PROBLEM:
Return, with both end lines included, exactly what the data below holds from the line with "Kvinders vintertrøje med V-hals i ren farve" through the line with "In the south, for", though not the pictures.

GIVEN DATA:

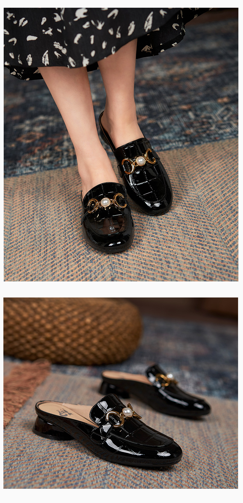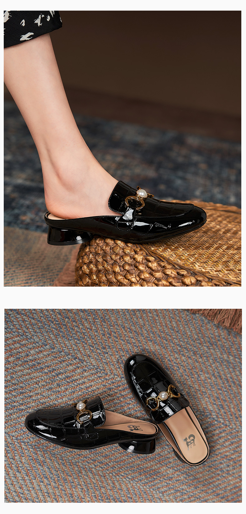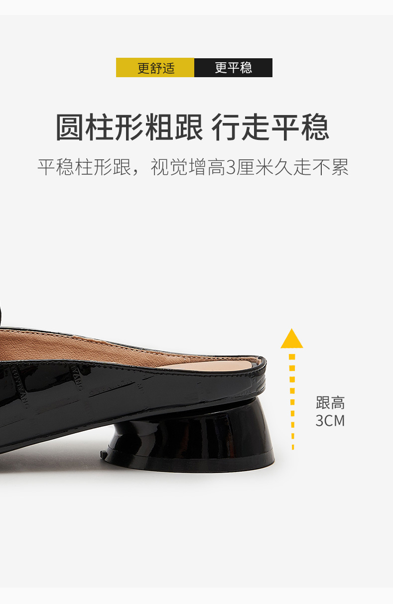 包頭半拖鞋女2021年新款夏季厚底外穿中跟懶人穆勒鞋時(shí)尚漆皮涼拖
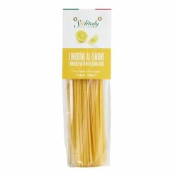 A traditional pasta from the Puglia region in southern Italy, these long linguine noodles are crafted with durum wheat semolina, water and lemon. Made using the Italian bronze-cut method, this citrus-infused pasta has a rough, porous texture that makes it ideal for absorbing your favorite sauces.
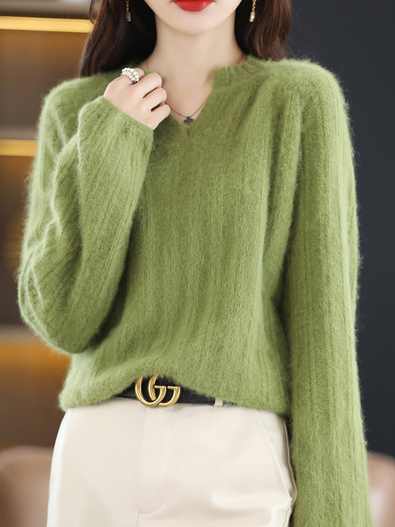 Kvinders vintertrøje med V-hals i ren farve
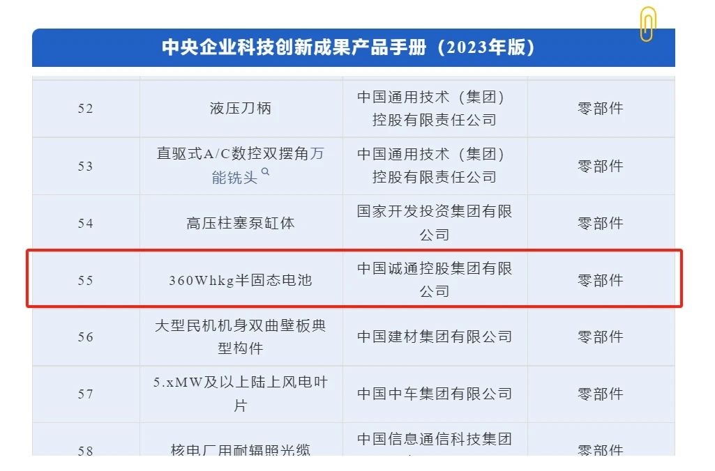 中國粉體網訊 為加快中央企業科技創新成果應用推廣,加速科技成果向現實生產力轉化,培育發展新質生產力的新動能,國務院國資委組織開展科技創新成果征集遴選工作,經企業推薦與專家評審編制形成《中央企業科技創新成果產品手冊》(2023年版),力神360Wh/kg半固態電池成功入選。
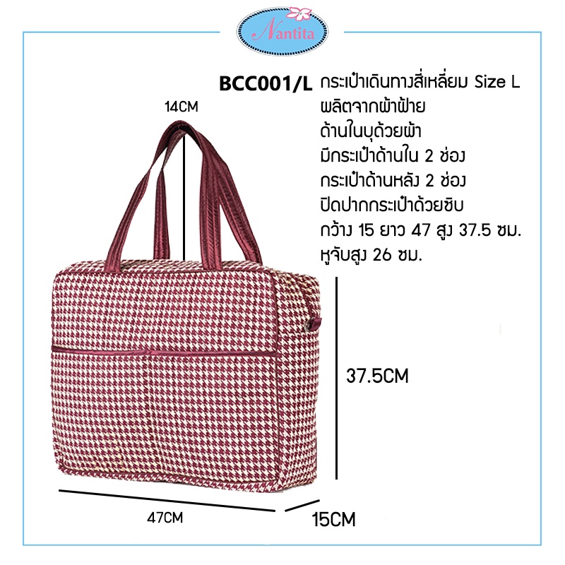 Nantitaกระเป๋าผ้าใบใหญ่ใส่หรับเดินทางผ้าซาติน BS001L
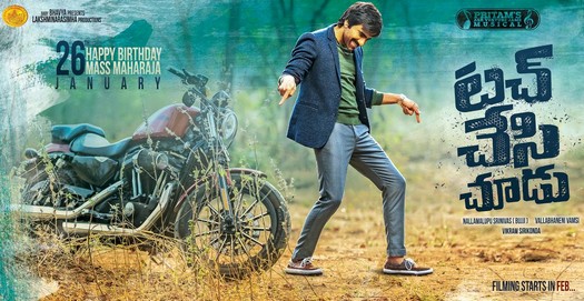 తాజాగా రవితేజ-రాశిఖన్నా-లావణ్య త్రిపాఠి కాంబినేషన్లో రానున్న ఫిల్మ్ 'టచ్ చేసి చూడు'. ఈ సినిమాకు సంబంధించిన మోషన్ పోస్టర్తో కూడిన ఫస్ట్ లుక్ సోషల్ మీడియాలో రిలీజైంది. విక్రమ్ సిరి డైరెక్షన్లో రానున్న ఫిల్మ్ని నల్లమలుపు శ్రీనివాస్, వల్లభనేని వంశీలు నిర్మిస్తున్నారు. ప్రస్తుతం నటీనటుల ఎంపిక జరుగుతోంది. అంతా ఓకే అయితే ఫిబ్రవరి నుంచి రెగ్యులర్ షూటింగ్ జరగనుంది.
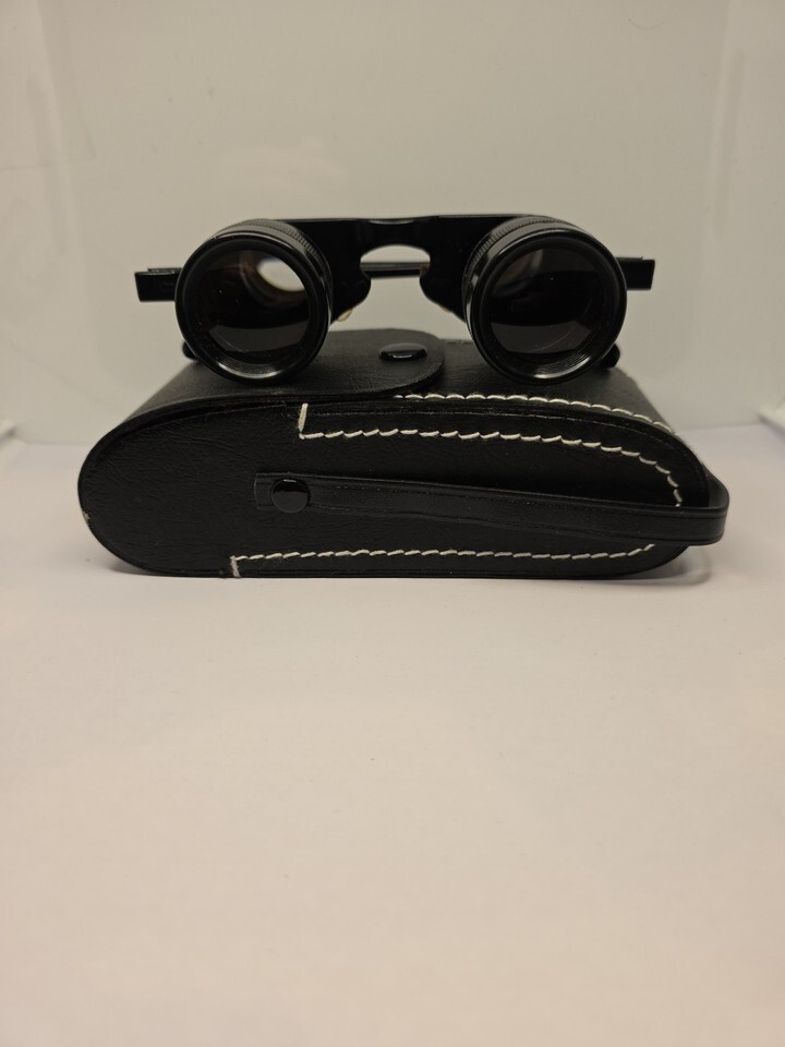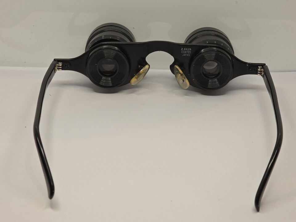 The Vintage 2.8x28 Coated Sports Glasses from Japan are compact opera binocular eyeglasses with a classic black color and a maximum magnification of 8x. These lightweight binoculars feature anti-reflection coating for enhanced clarity and are ideal for both opera glasses and general-purpose use. The included case and box add to the convenience and preservation of this unique and stylish piece of eyewear.
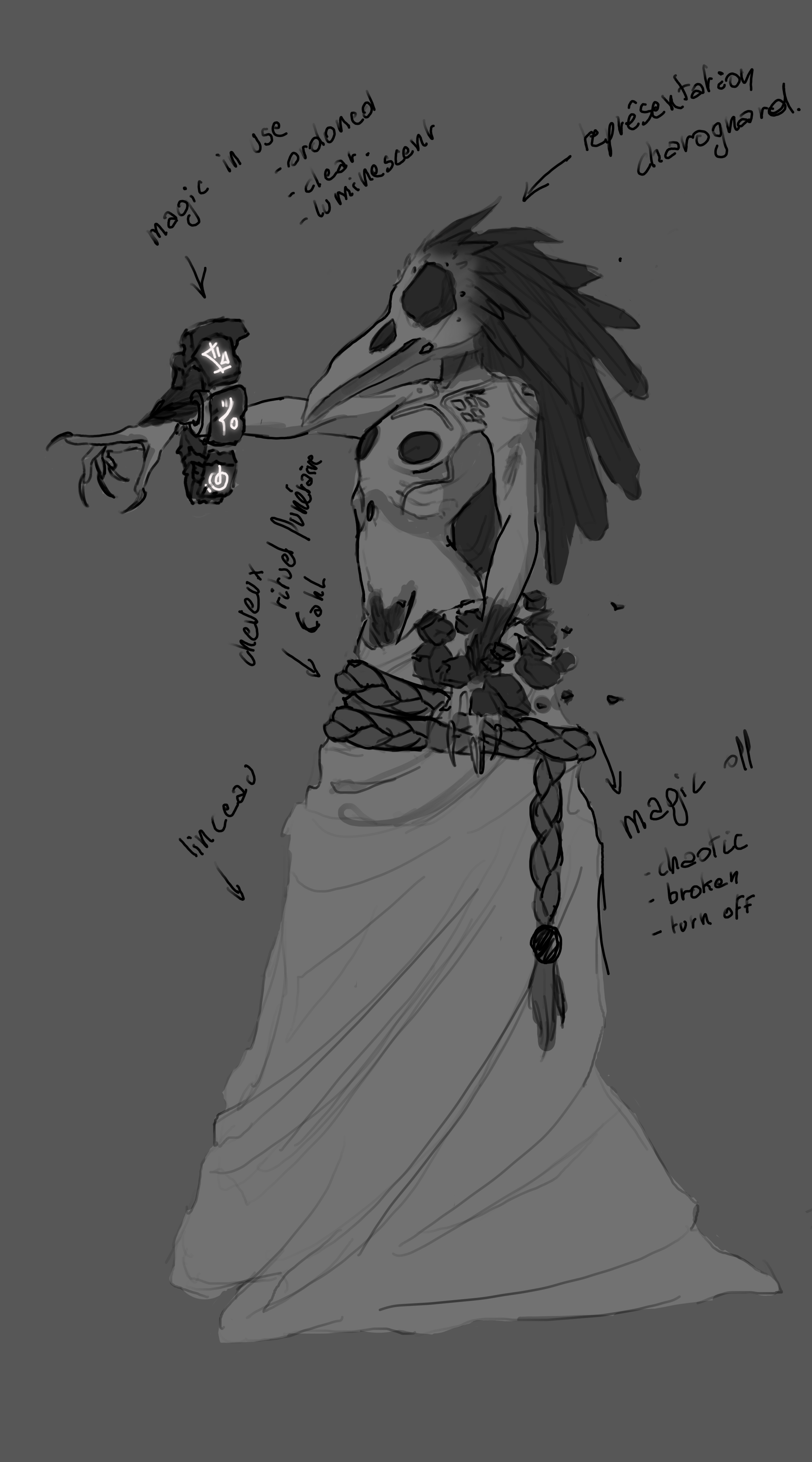 In the south, for the raiders, it is common to have a representation of the death somewhere during missions or on their uniforms. It is a way of showing gratefulness and welcome death if she ever choose to come for them, it's a way of making sure she will be kind and gentle when she comes. In the other factions on the contrary, having a representation of any kind of her is bad luck, as it's like asking her to come visit. _"And as I see all the crows land around me, I can feel she sent all the souls she could so I wouldn't die alone. All I can do is thank her and hope she have a place for me as one of her soldier souls, like the ones surounding me."_
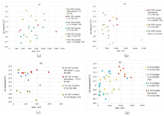 Scatter diagrams of green corridor segments with different D value grades and their corresponding Ta distributions. (a) In block N1, the distribution of Ta corresponding to green corridor D with the same WS–EN orientation indicates that when the dPC values of green corridors have the same grade, the values are more than 0.5 and the most corresponding T values in the low-temperature location belong to D values between 400 m and 750 m. (b) In block N1, with the same ES–WN orientation, the green corridor segments with a range of D from 400 m to 750 m also have the lowest Ta values. (c) In block N2, with the same ES–WN orientation, the D factor significantly affects the Ta distribution. When D is within 400 m, the cooling is attenuated with an increase in distance. When the D values of the green corridor segments are within 400–750 m grade with the same dPC and orientation, the internal Ta values in the green corridor segments are also the lowest. (d) In the green corridors of block N3 with an S–N orientation, the relationship between D and Ta still indicates the characteristic that the internal Ta value is low when D is within the 400–750 m grade.
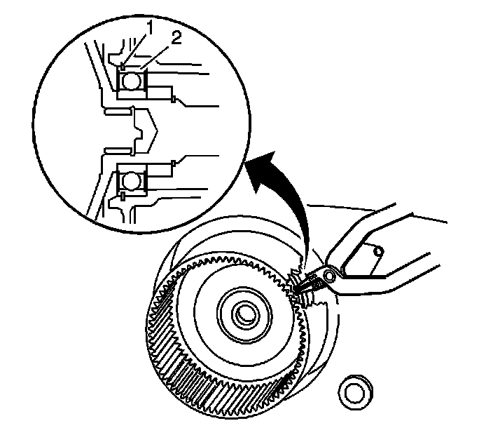 16. Ensure the retaining ring (1) is installed in the groove of the rear output shaft bearing (2).
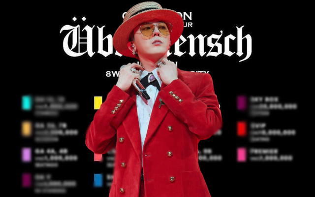 Tối 29/9, MXH lan truyền loạt bài đăng được cho là seat map bị rò rỉ của concert G-Dragon tại Hà Nội. Những hình ảnh này lại khiến dân tình xôn xao, đứng ngồi không yên. Seat map được chia thành vô số hạng vé, khu vực đứng ngồi, mô phỏng sân khấu ở Ocean City. Đáng chú ý, giá vé dao động trong khoảng 1 - 20 triệu đồng. Đây là mức giá cao so với mặt bằng chung concert ở Việt Nam, khiến không ít khán giả tranh cãi về khả năng chi trả.
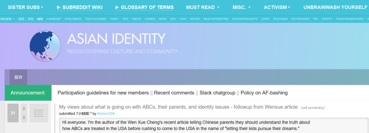 近日美国最大的华人论坛文学城出现了一篇帖子引发网友热议,作者ArmorUSA7岁便随父母移民美国,他发帖的目的是为了告诉和他一样的华裔二代美国移民的中国父母,他们在打着让他们的子女追逐梦想的旗号匆忙来到美国前,应该充分了解出生在美国的华人在美国是如何被对待的这一现实。帖子发出后很快被转载到其他华人论坛上,包括美国本土最大的在线论坛Reddit,迅速引起华裔二代移民的共鸣。
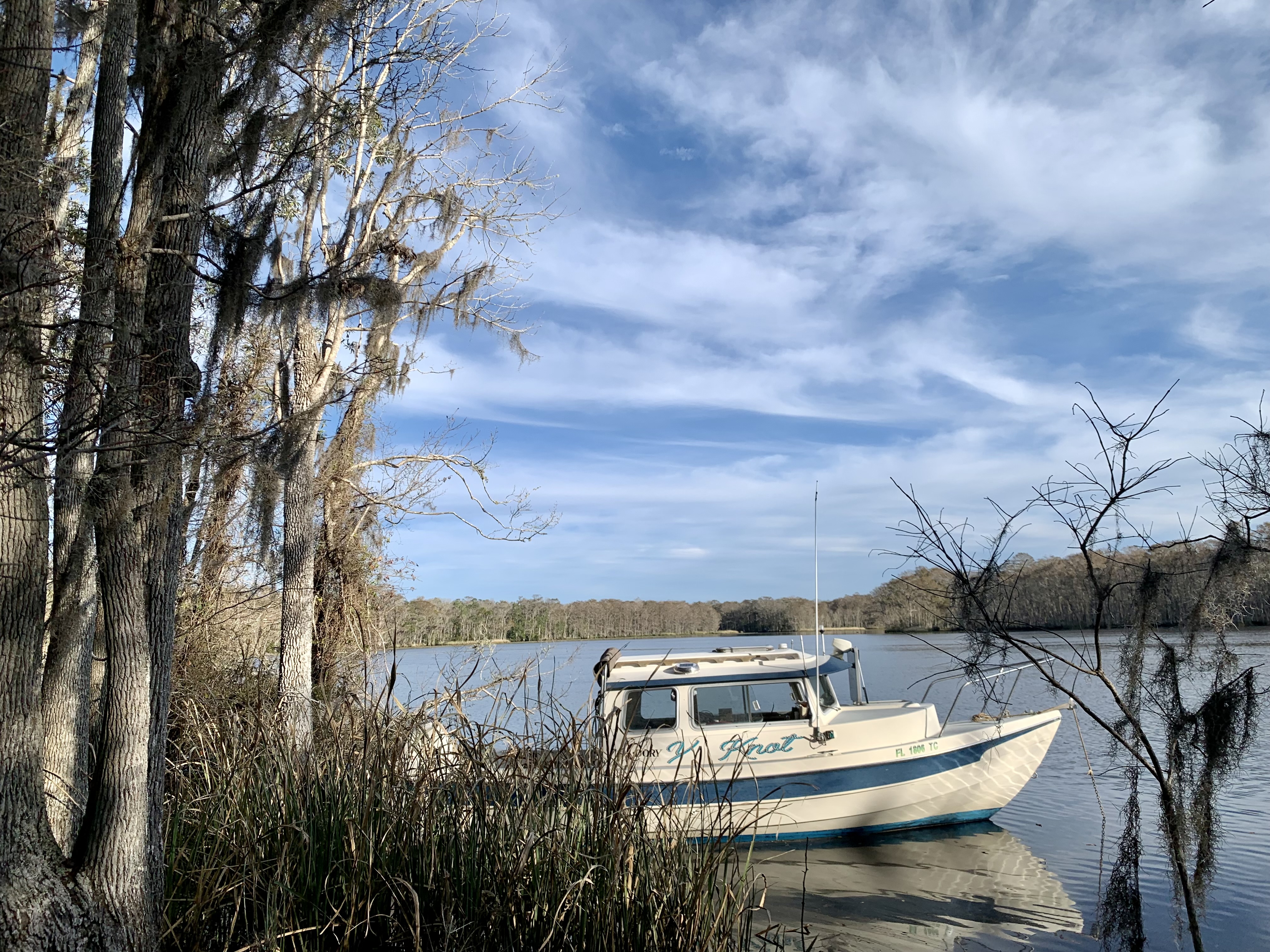 Slept in and hit the water around 0930. On the way upriver we stopped to sonar scan the wreck “City of Hawkinsville”, an old steamship sunken in the river. When we hit the junction where the Santa Fe River dumps into the Suwannee I decided to head upriver a ways. We ended up going all the way to the Ichetucknee River, saw a couple of manatees and came back downriver. We actually went passed Branford on the way back, since I wanted to spend another night on the water. We ended up anchoring near by Little River Spring and settled in for the night. We covered almost 65 miles on this day.

SOLUTION FOR THIS TASK:
 Kvinders vintertrøje med V-hals i ren farve
 中國粉體網訊 為加快中央企業科技創新成果應用推廣,加速科技成果向現實生產力轉化,培育發展新質生產力的新動能,國務院國資委組織開展科技創新成果征集遴選工作,經企業推薦與專家評審編制形成《中央企業科技創新成果產品手冊》(2023年版),力神360Wh/kg半固態電池成功入選。
 Nantitaกระเป๋าผ้าใบใหญ่ใส่หรับเดินทางผ้าซาติน BS001L
 తాజాగా రవితేజ-రాశిఖన్నా-లావణ్య త్రిపాఠి కాంబినేషన్లో రానున్న ఫిల్మ్ 'టచ్ చేసి చూడు'. ఈ సినిమాకు సంబంధించిన మోషన్ పోస్టర్తో కూడిన ఫస్ట్ లుక్ సోషల్ మీడియాలో రిలీజైంది. విక్రమ్ సిరి డైరెక్షన్లో రానున్న ఫిల్మ్ని నల్లమలుపు శ్రీనివాస్, వల్లభనేని వంశీలు నిర్మిస్తున్నారు. ప్రస్తుతం నటీనటుల ఎంపిక జరుగుతోంది. అంతా ఓకే అయితే ఫిబ్రవరి నుంచి రెగ్యులర్ షూటింగ్ జరగనుంది.
 The Vintage 2.8x28 Coated Sports Glasses from Japan are compact opera binocular eyeglasses with a classic black color and a maximum magnification of 8x. These lightweight binoculars feature anti-reflection coating for enhanced clarity and are ideal for both opera glasses and general-purpose use. The included case and box add to the convenience and preservation of this unique and stylish piece of eyewear.
 In the south, for the raiders, it is common to have a representation of the death somewhere during missions or on their uniforms. It is a way of showing gratefulness and welcome death if she ever choose to come for them, it's a way of making sure she will be kind and gentle when she comes. In the other factions on the contrary, having a representation of any kind of her is bad luck, as it's like asking her to come visit. _"And as I see all the crows land around me, I can feel she sent all the souls she could so I wouldn't die alone. All I can do is thank her and hope she have a place for me as one of her soldier souls, like the ones surounding me."_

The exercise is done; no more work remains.